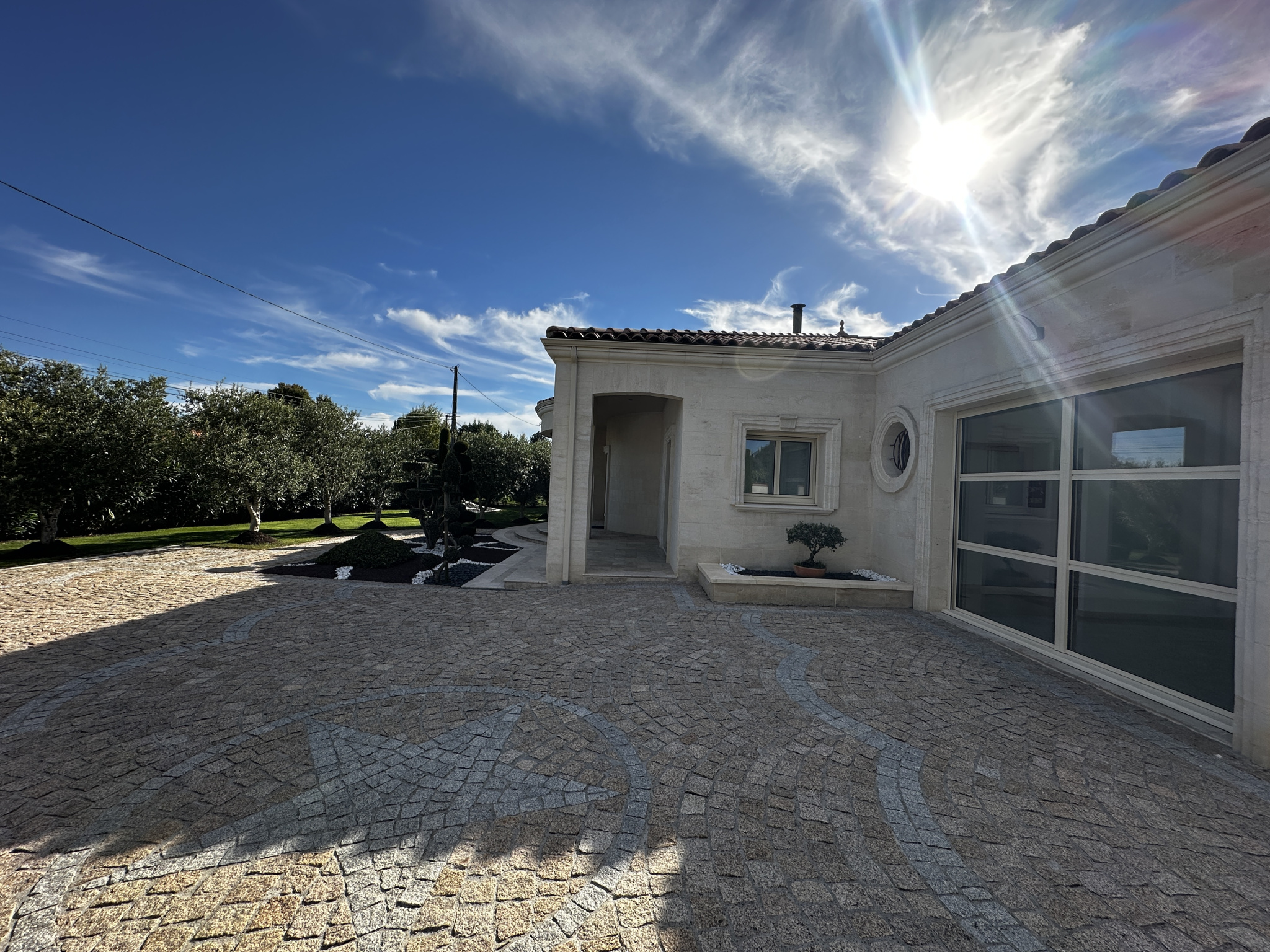 Les prestations extérieures sont à la hauteur : trois garages avec portails électriques, un grand parking pouvant accueillir un camping-car ou plusieurs véhicules, et un portail motorisé assurant confort et sécurité.
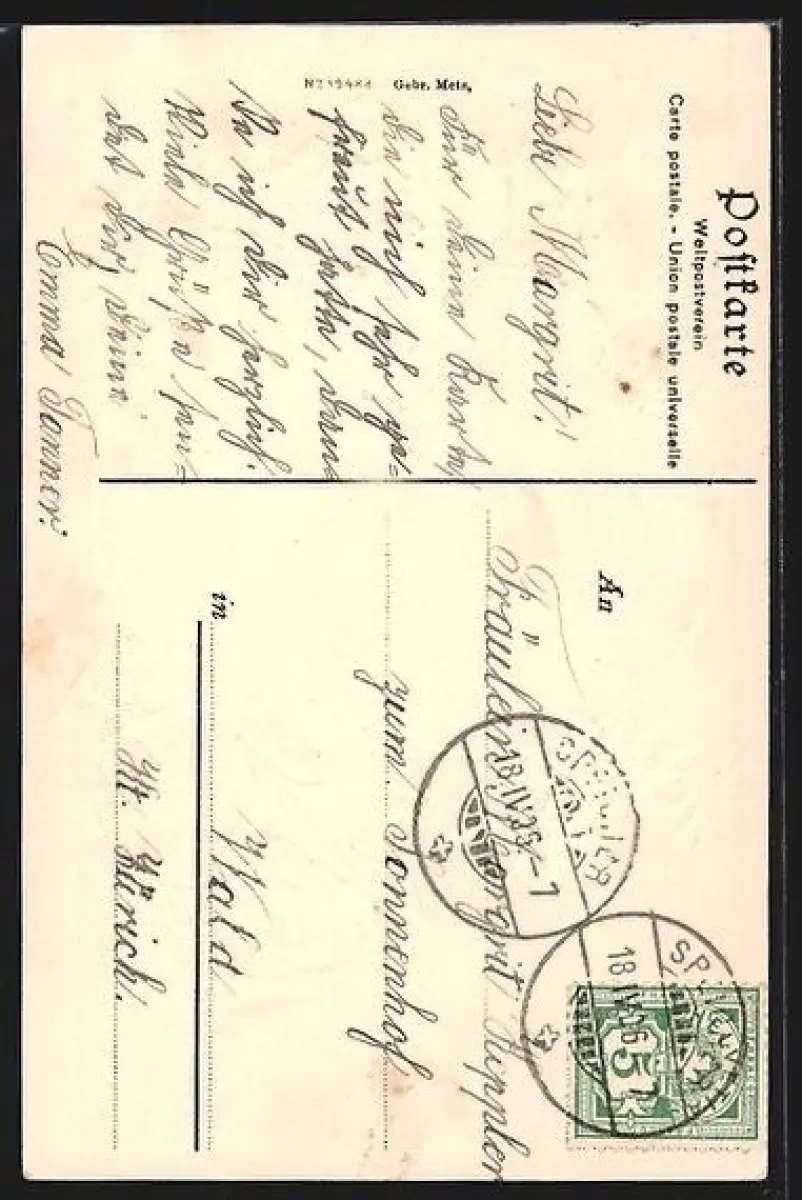 gelaufen 1905, Stecknadelloch li. oben, guter Zustand
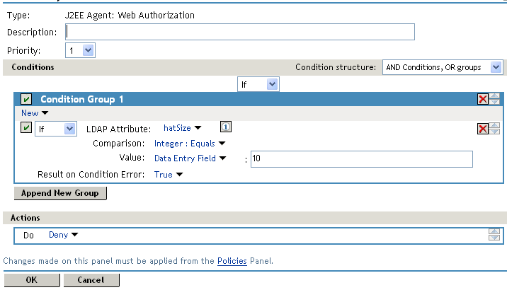 For example, suppose one of the Deny rules uses an LDAP attribute for the condition and that the attribute is a hatSize attribute. Some of your users do not have a hatSize attribute, so when they access the resource, the comparison generates an error. If option is set to False, the action (Deny) is not applied, and the next rule in the policy is processed. If that rule is the general Permit rule, then they are allowed access to the resource because they experienced an error. To prevent this behavior, you need to set the option to True, so that the Deny action is applied. Your rule then denies access to everyone whose hatSize attribute matches the specified value and everyone who does not have the attribute.
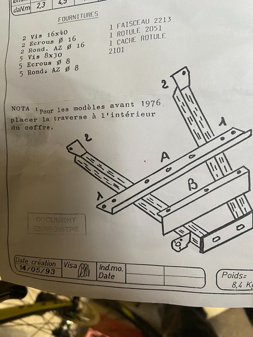Tu fixes ton attelage aux différents points sur la caisse et supports de pare choc.
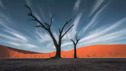 Get up early and transfer to a four-wheel drive off-road vehicle in the Red Desert Scenic Area to visit the Namib Desert's unique wonder of life, the Death Basin, to photograph the thousand-year-old trees.
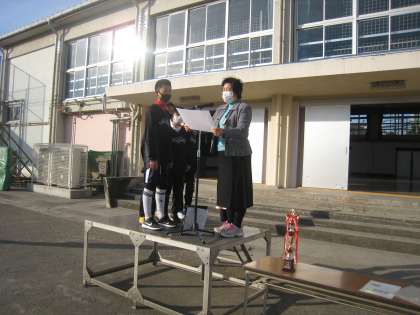 1月17日、全校朝会で児童の表彰がありました。4年生が「第69回 東京都統計グラフコンクール」に「かってる?かいたい?どんなペット?!」というポスターを応募して入選しました。5・6年生の4名の所属しているサッカーチームが世田谷区主催の「小学校スポーツ教室サッカー大会」に出場して優勝しました。

■ Action item ■
Each line from the first line of the listing above through the line containing "Tu fixes ton" is to be written out exactly, and the pictures are to be left out.

■ Exercise response ■
 Les prestations extérieures sont à la hauteur : trois garages avec portails électriques, un grand parking pouvant accueillir un camping-car ou plusieurs véhicules, et un portail motorisé assurant confort et sécurité.
 gelaufen 1905, Stecknadelloch li. oben, guter Zustand
 For example, suppose one of the Deny rules uses an LDAP attribute for the condition and that the attribute is a hatSize attribute. Some of your users do not have a hatSize attribute, so when they access the resource, the comparison generates an error. If option is set to False, the action (Deny) is not applied, and the next rule in the policy is processed. If that rule is the general Permit rule, then they are allowed access to the resource because they experienced an error. To prevent this behavior, you need to set the option to True, so that the Deny action is applied. Your rule then denies access to everyone whose hatSize attribute matches the specified value and everyone who does not have the attribute.
Tu fixes ton attelage aux différents points sur la caisse et supports de pare choc.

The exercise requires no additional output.